** WHAT THE EXERCISE ASKS **
Print every entry exactly as it appears, but skip the pictures.

[Stored data]
== == ==

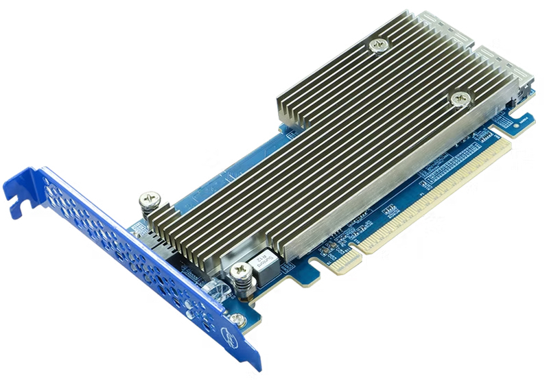 Модель Rocket 7624A получила два коннектора MCIO 8i (SFF-1016; по 8 линий), что допускает прямое подключение четырёх устройств (до 16 накопителей через бэкплейн). Задействован коммутационный чип Broadcom PEX89048, а заявленная пропускная способность достигает 32 Гбайт/с в конфигурации с четырьмя NVMe SSD. Адаптер получил низкопрофильное исполнение и крупный радиатор охлаждения, который накрывает практически всю плату. Заявлена совместимость с накопителями U.2, U.3, E3.S и E1.S. Карта рассчитана прежде всего на рабочие станции и периферийные серверы.
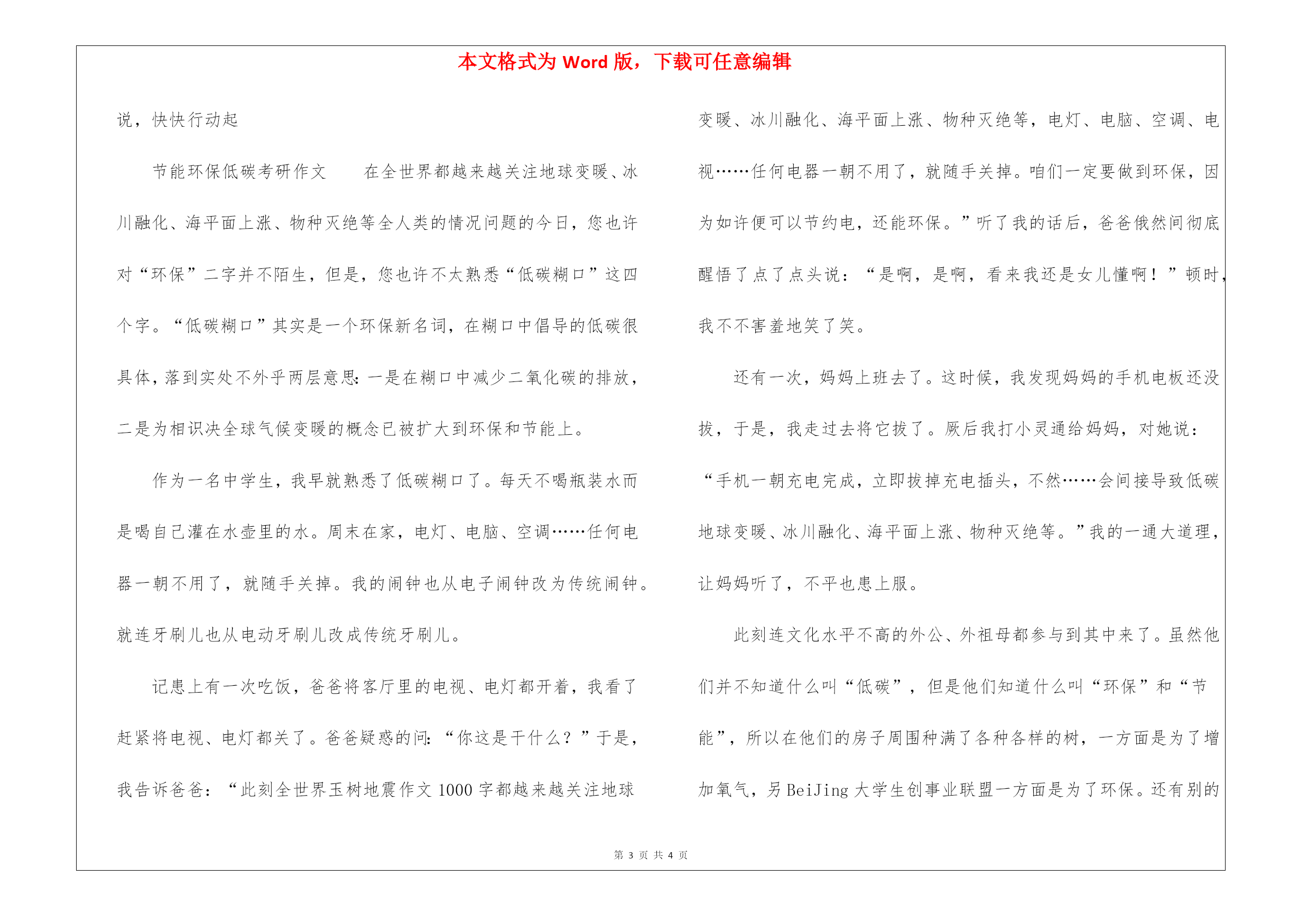本文格式为Word版,下载可任意编辑第PAGE\*MERGEFORMAT4页共NUMPAGES\*MERGEFORMAT4页节能环保低碳考研作文节能环保低碳考研作文节能环保低碳考研作文低碳——这两个字在人们生活中是不可缺少的。低碳生活也是我们大家都需要做到的。当然,低碳也可以体现在我们身边的小事中:例如:多用一次环保袋,少用一次性塑料袋,减少污染。向这样的小事,生活中还有许许多多,只要我们善于观察生活,就可以发现他们。当然,光嘴上说是不行的,我们还得用自己的行动表现出来。所以在这我想给大家提一些低碳环保的小建议,让大伙更好地做一个低碳小达人:一.吃饭时,少用一次性筷子、勺子和泡沫打包盒,多用多次性用品,减少白色污染,让地球多一份天然。二.用纸写字时,纸可以两面写,这样,就可以减少一半树木的砍伐,多一点清新的空气,少一点二氧化碳。三.出行时,尽量选择公共汽车或自行车,尽量少开私家车,减少尾气的排量,减少对臭氧层的污染。四.洗手时,尽量做到一水多用,洗完手的水还可以冲马桶、洗菜等事情,这样就可以减少水的用量等。除了这些建议,我们身边还有一些低碳故事呢,现在我就来和大家分享一下吧。记得2022年的时候,浙江少儿电视台到我们学校搞活动,但那是我们不知道他们来干什么,也不知道怎样环保——有时一张纸,只是有一点皱了,就当废纸扔了,从来都不知道环保,就连“低碳”这个词都没有听说过。但是,等到活动开始时,我们知道了怎样环保,怎样低碳。原来,他们是过来宣传环保的,还特意给我们带来了一块块小手帕,上面有着其他小朋友画的环保创意画,让我们多用手帕,少用纸巾,到现在,我擦手都还在用着那块小手帕呢!低碳——这个词已经是老百姓们常说的一个词了,因为,现在的地球环境已经遭到了严重的破坏,许多动物也频临绝种,臭氧层也受到了严重的破坏。所以,我们只有现在开始改变自己的习惯,做到不浪费,并且召集更多的人加入到环保事业中,做一个当之无愧的“低碳小达人”!节能环保低碳考研作文低碳生活代表着更健康、更自然、更安全的生活,同时也是一种低成本、低代价的生活方式。低碳是一项符合时代潮流的生活方式。所以,我的低碳我做主。从1978年中国改革开放以来,人们的生活越过越好。无论是餐桌上还是衣服上,都发生了翻天覆地的变化。但是,如今我们的生活有了巨大的改善,而随之而来的却是环境遭受污染。如今出行不再是骑自行车,而是乘公交车或开私家车。大街上不再是人流如潮,而是车流滚滚。随着拥有私家车的人逐渐增多,气也逐渐受到污染,汽车排放的尾气使空气中的二氧化碳逐渐增多,污染了环境。我向爸爸妈妈谈了我的低碳生活想法,他们都十分的支持。不久我全家人都参与到低碳生活中。妈妈洗衣时先将清水滴几滴洗涤剂然后将衣服浸泡一会再洗,肥皂或洗衣粉用量小,漂洗用水少,衣服洗的还干净;我还帮妈妈编写各种大口的戴盖的玻璃瓶子,将五谷杂粮装入瓶中,粮食不但不生虫子,还废物利用。我还做我们家低碳生活的监督者,我爸爸非常怕热,天一热就打开空调,我就提醒他说:;爸爸,我们住在山里,打开窗户,既进来自然风,又能呼吸到天然氧气;话没说完,爸爸早已将空调关闭;我爸爸出行自驾车习惯了,出去买菜也爱开车,我便和他约法三章,;每天要多走路少开(乘)车,买菜更不能开车。;爸爸笑着对我说;;对!低碳生活应该从小做起,从每一个人做起。低碳生活只是一种态度,而不是能力,只要我们重视它,每一个人都能做到。从小做起,从我做起,从现在做起。节约一滴水、一度电、少开一天车、少用一个塑料袋,为我们的家园天更蓝、水更清、山更绿、空气更清新做贡献。勿以善小而不为,勿以恶小而为之。我想对地球母亲的'儿女们说,快快行动起节能环保低碳考研作文在全世界都越来越关注地球变暖、冰川融化、海平面上涨、物种灭绝等全人类的情况问题的今日,您也许对“环保”二字并不陌生,但是,您也许不太熟悉“低碳糊口”这四个字。“低碳糊口”其实是一个环保新名词,在糊口中倡导的低碳很具体,落到实处不外乎两层意思:一是在糊口中减少二氧化碳的排放,二是为相识决全球气候变暖的概念已被扩大到环保和节能上。作为一名中学生,我早就熟悉了低碳糊口了。每天不喝瓶装水而是喝自己灌在水壶里的水。周末在家,电灯、电脑、空调……任何电器一朝不用了,就随手关掉。我的闹钟也从电子闹钟改为传统闹钟。就连牙刷儿也从电动牙刷儿改成传统牙刷儿。记患上有一次吃饭,爸爸将客厅里的电视、电灯都开着,我看了赶紧将电视、电灯都关了。爸爸疑惑的问:“你这是干什么?”于是,我告诉爸爸:“此刻全世界玉树地震作文1000字都越来越关注地球变暖、冰川融化、海平面上涨、物种灭绝等,电灯、电脑、空调、电视……任何电器一朝不用了,就随手关掉。咱们一定要做到环保,因为如许便可以节约电,还能环保。”听了我的话后,爸爸俄然间彻底醒悟了点了点头说:
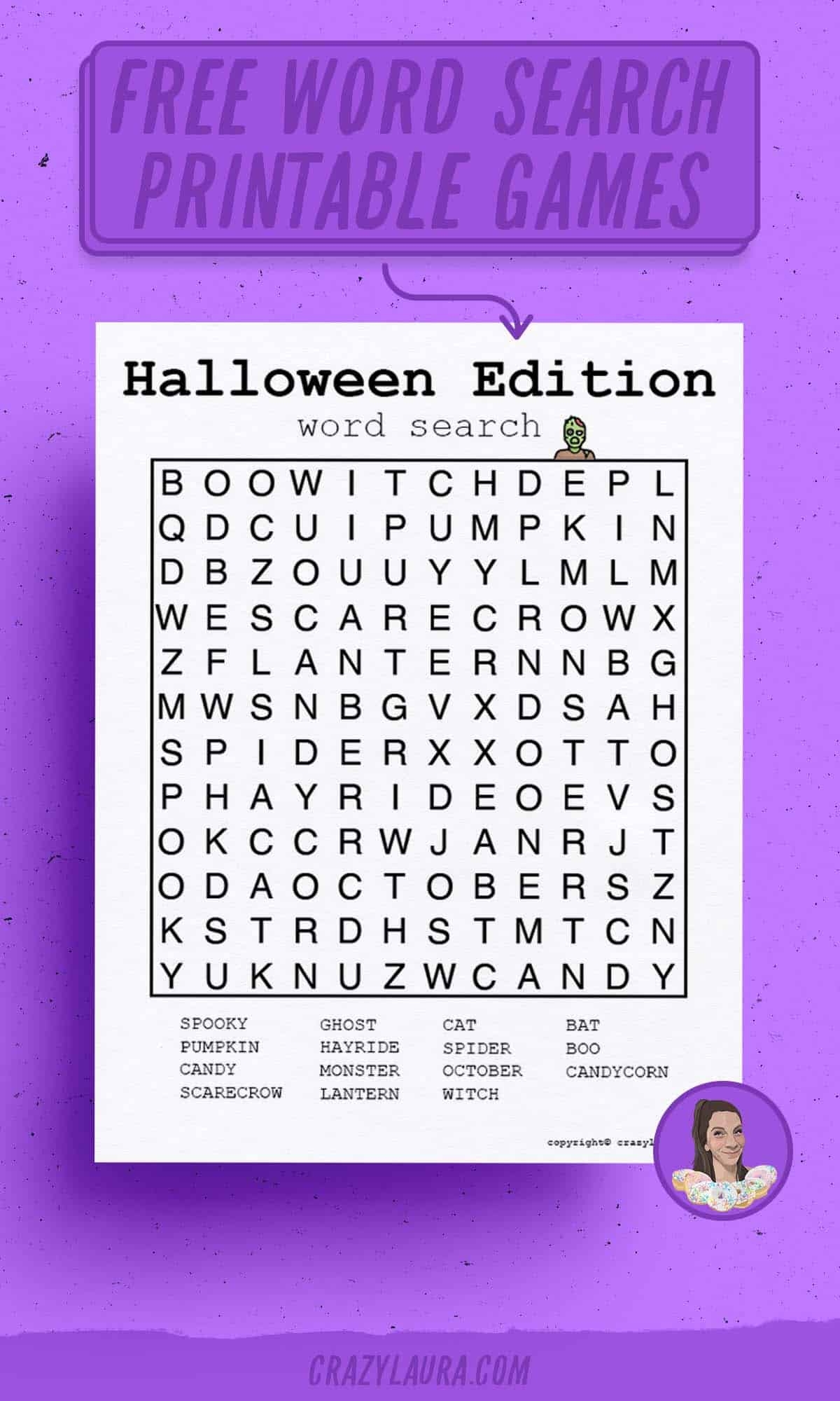 Free Halloween Word Search Printable Game Sheets Crazy Laura
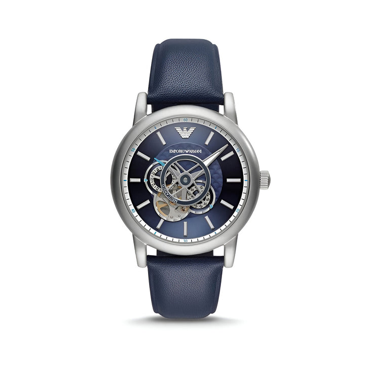 Emporio Armani Luigi Chronograph Blue Dial Black Leather Strap Watch For Men - AR60011
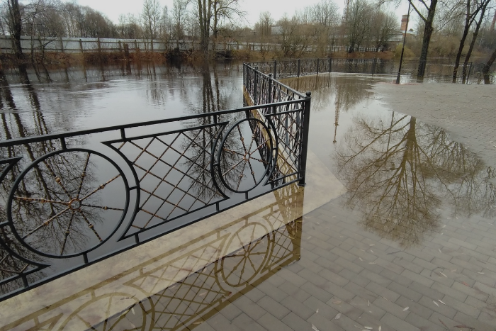 В Луге вышедшая из берегов река затопила недавно реконструированную набережную. Об этом местные жители сообщают в группе «Подслушано в городе Луга» во «ВКонтакте».
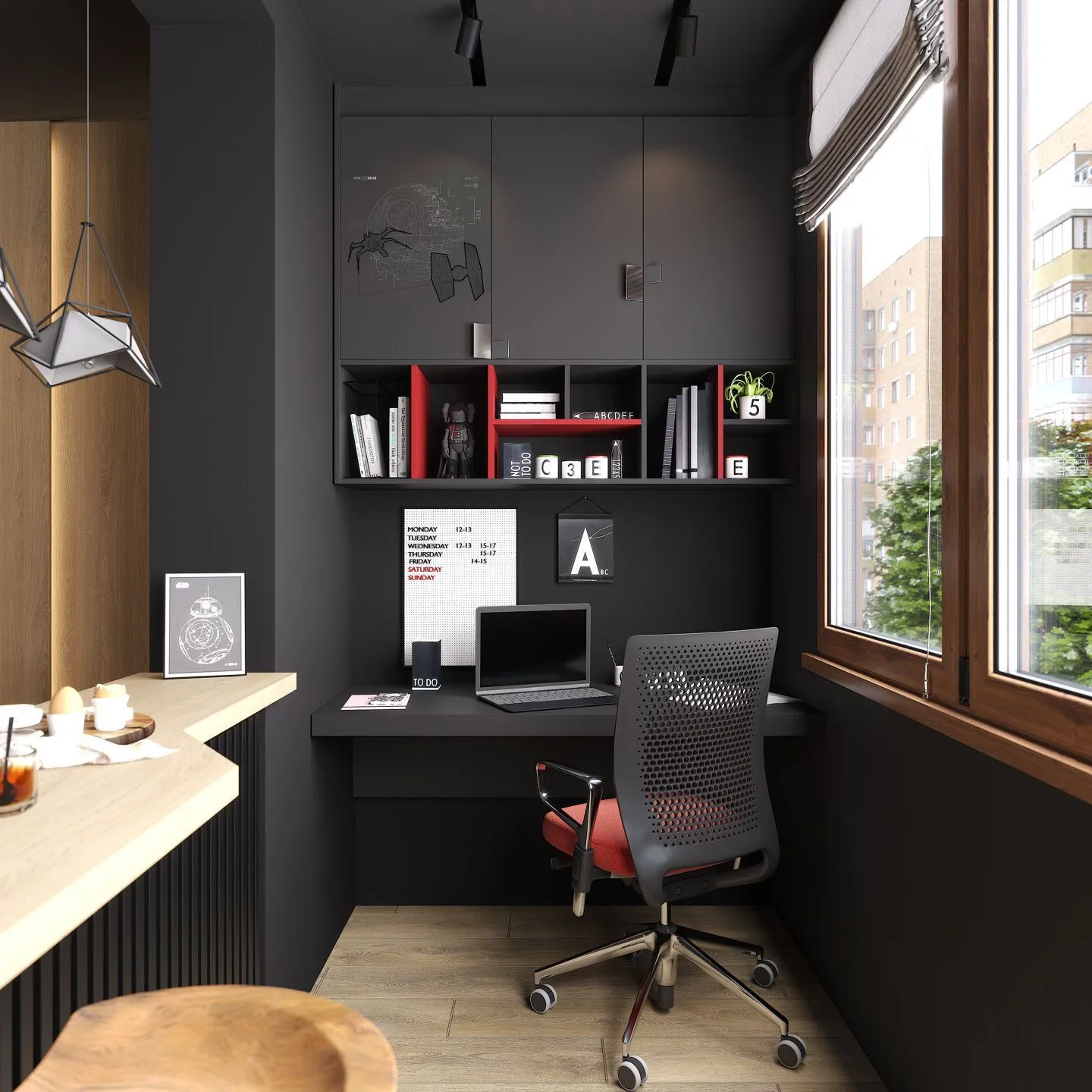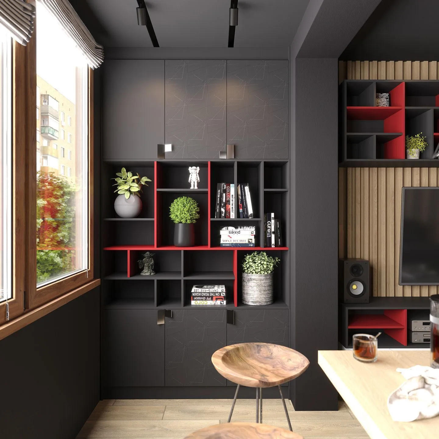 Рабочий кабинет в квартире-студии выполнен в современном минималистичном стиле. Гладкие матовые фасады изготовлены из ламинированной плиты в декоре «Графит» и украшены ручками Zig Zag геометрической формы. Поверхность обработана таким образом, что пыль и отпечатки пальцев на ней почти незаметны: все элементы кабинета удобны в эксплуатации и просты в уходе. Корпус выполнен из ламинированной плиты в декорах «Маки» и «Графит» и образует стилистическое единство с фасадами. Контраст черного и красного цвета – классическое дизайнерское решение, которое добавляет темной мебели изящества.
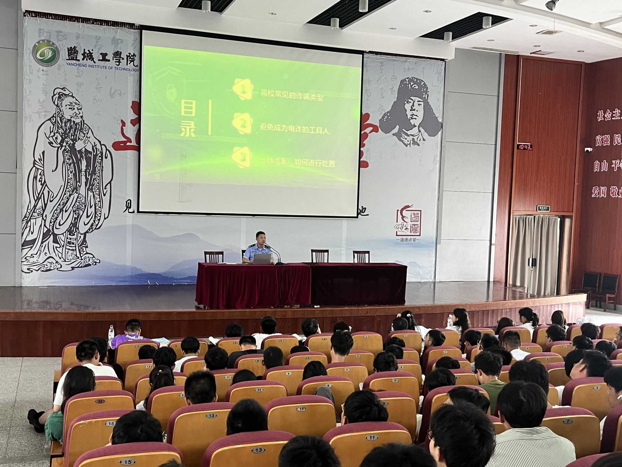 为进一步提升全院师生对电信网络诈骗的防范意识与能力,营造更加安全的校园环境,信息学院于9月12日上午在希望大道校区博学楼报告厅举办“防范电信网络诈骗”专题宣传教育活动。此次活动邀请了亭湖公安局反诈中心朱文军警官主讲,信息学院520余名大一新生参加。
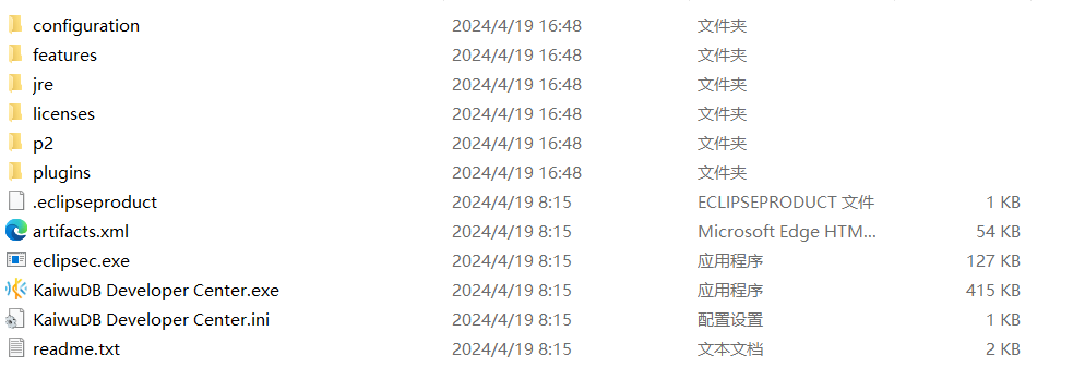 合并解压缩 KaiwuDB 开发者中心的所有安装包,文件目录如下:
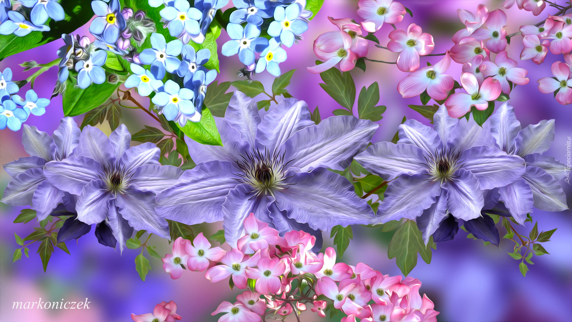 Edytor tapety: Powojniki obok niezapominajek i derenia

== == ==

** TASK OUTPUT **
 Модель Rocket 7624A получила два коннектора MCIO 8i (SFF-1016; по 8 линий), что допускает прямое подключение четырёх устройств (до 16 накопителей через бэкплейн). Задействован коммутационный чип Broadcom PEX89048, а заявленная пропускная способность достигает 32 Гбайт/с в конфигурации с четырьмя NVMe SSD. Адаптер получил низкопрофильное исполнение и крупный радиатор охлаждения, который накрывает практически всю плату. Заявлена совместимость с накопителями U.2, U.3, E3.S и E1.S. Карта рассчитана прежде всего на рабочие станции и периферийные серверы.
本文格式为Word版,下载可任意编辑第PAGE\*MERGEFORMAT4页共NUMPAGES\*MERGEFORMAT4页节能环保低碳考研作文节能环保低碳考研作文节能环保低碳考研作文低碳——这两个字在人们生活中是不可缺少的。低碳生活也是我们大家都需要做到的。当然,低碳也可以体现在我们身边的小事中:例如:多用一次环保袋,少用一次性塑料袋,减少污染。向这样的小事,生活中还有许许多多,只要我们善于观察生活,就可以发现他们。当然,光嘴上说是不行的,我们还得用自己的行动表现出来。所以在这我想给大家提一些低碳环保的小建议,让大伙更好地做一个低碳小达人:一.吃饭时,少用一次性筷子、勺子和泡沫打包盒,多用多次性用品,减少白色污染,让地球多一份天然。二.用纸写字时,纸可以两面写,这样,就可以减少一半树木的砍伐,多一点清新的空气,少一点二氧化碳。三.出行时,尽量选择公共汽车或自行车,尽量少开私家车,减少尾气的排量,减少对臭氧层的污染。四.洗手时,尽量做到一水多用,洗完手的水还可以冲马桶、洗菜等事情,这样就可以减少水的用量等。除了这些建议,我们身边还有一些低碳故事呢,现在我就来和大家分享一下吧。记得2022年的时候,浙江少儿电视台到我们学校搞活动,但那是我们不知道他们来干什么,也不知道怎样环保——有时一张纸,只是有一点皱了,就当废纸扔了,从来都不知道环保,就连“低碳”这个词都没有听说过。但是,等到活动开始时,我们知道了怎样环保,怎样低碳。原来,他们是过来宣传环保的,还特意给我们带来了一块块小手帕,上面有着其他小朋友画的环保创意画,让我们多用手帕,少用纸巾,到现在,我擦手都还在用着那块小手帕呢!低碳——这个词已经是老百姓们常说的一个词了,因为,现在的地球环境已经遭到了严重的破坏,许多动物也频临绝种,臭氧层也受到了严重的破坏。所以,我们只有现在开始改变自己的习惯,做到不浪费,并且召集更多的人加入到环保事业中,做一个当之无愧的“低碳小达人”!节能环保低碳考研作文低碳生活代表着更健康、更自然、更安全的生活,同时也是一种低成本、低代价的生活方式。低碳是一项符合时代潮流的生活方式。所以,我的低碳我做主。从1978年中国改革开放以来,人们的生活越过越好。无论是餐桌上还是衣服上,都发生了翻天覆地的变化。但是,如今我们的生活有了巨大的改善,而随之而来的却是环境遭受污染。如今出行不再是骑自行车,而是乘公交车或开私家车。大街上不再是人流如潮,而是车流滚滚。随着拥有私家车的人逐渐增多,气也逐渐受到污染,汽车排放的尾气使空气中的二氧化碳逐渐增多,污染了环境。我向爸爸妈妈谈了我的低碳生活想法,他们都十分的支持。不久我全家人都参与到低碳生活中。妈妈洗衣时先将清水滴几滴洗涤剂然后将衣服浸泡一会再洗,肥皂或洗衣粉用量小,漂洗用水少,衣服洗的还干净;我还帮妈妈编写各种大口的戴盖的玻璃瓶子,将五谷杂粮装入瓶中,粮食不但不生虫子,还废物利用。我还做我们家低碳生活的监督者,我爸爸非常怕热,天一热就打开空调,我就提醒他说:;爸爸,我们住在山里,打开窗户,既进来自然风,又能呼吸到天然氧气;话没说完,爸爸早已将空调关闭;我爸爸出行自驾车习惯了,出去买菜也爱开车,我便和他约法三章,;每天要多走路少开(乘)车,买菜更不能开车。;爸爸笑着对我说;;对!低碳生活应该从小做起,从每一个人做起。低碳生活只是一种态度,而不是能力,只要我们重视它,每一个人都能做到。从小做起,从我做起,从现在做起。节约一滴水、一度电、少开一天车、少用一个塑料袋,为我们的家园天更蓝、水更清、山更绿、空气更清新做贡献。勿以善小而不为,勿以恶小而为之。我想对地球母亲的'儿女们说,快快行动起节能环保低碳考研作文在全世界都越来越关注地球变暖、冰川融化、海平面上涨、物种灭绝等全人类的情况问题的今日,您也许对“环保”二字并不陌生,但是,您也许不太熟悉“低碳糊口”这四个字。“低碳糊口”其实是一个环保新名词,在糊口中倡导的低碳很具体,落到实处不外乎两层意思:一是在糊口中减少二氧化碳的排放,二是为相识决全球气候变暖的概念已被扩大到环保和节能上。作为一名中学生,我早就熟悉了低碳糊口了。每天不喝瓶装水而是喝自己灌在水壶里的水。周末在家,电灯、电脑、空调……任何电器一朝不用了,就随手关掉。我的闹钟也从电子闹钟改为传统闹钟。就连牙刷儿也从电动牙刷儿改成传统牙刷儿。记患上有一次吃饭,爸爸将客厅里的电视、电灯都开着,我看了赶紧将电视、电灯都关了。爸爸疑惑的问:“你这是干什么?”于是,我告诉爸爸:“此刻全世界玉树地震作文1000字都越来越关注地球变暖、冰川融化、海平面上涨、物种灭绝等,电灯、电脑、空调、电视……任何电器一朝不用了,就随手关掉。咱们一定要做到环保,因为如许便可以节约电,还能环保。”听了我的话后,爸爸俄然间彻底醒悟了点了点头说:
 Free Halloween Word Search Printable Game Sheets Crazy Laura
 Emporio Armani Luigi Chronograph Blue Dial Black Leather Strap Watch For Men - AR60011
 В Луге вышедшая из берегов река затопила недавно реконструированную набережную. Об этом местные жители сообщают в группе «Подслушано в городе Луга» во «ВКонтакте».
 Рабочий кабинет в квартире-студии выполнен в современном минималистичном стиле. Гладкие матовые фасады изготовлены из ламинированной плиты в декоре «Графит» и украшены ручками Zig Zag геометрической формы. Поверхность обработана таким образом, что пыль и отпечатки пальцев на ней почти незаметны: все элементы кабинета удобны в эксплуатации и просты в уходе. Корпус выполнен из ламинированной плиты в декорах «Маки» и «Графит» и образует стилистическое единство с фасадами. Контраст черного и красного цвета – классическое дизайнерское решение, которое добавляет темной мебели изящества.
 为进一步提升全院师生对电信网络诈骗的防范意识与能力,营造更加安全的校园环境,信息学院于9月12日上午在希望大道校区博学楼报告厅举办“防范电信网络诈骗”专题宣传教育活动。此次活动邀请了亭湖公安局反诈中心朱文军警官主讲,信息学院520余名大一新生参加。
 合并解压缩 KaiwuDB 开发者中心的所有安装包,文件目录如下:
 Edytor tapety: Powojniki obok niezapominajek i derenia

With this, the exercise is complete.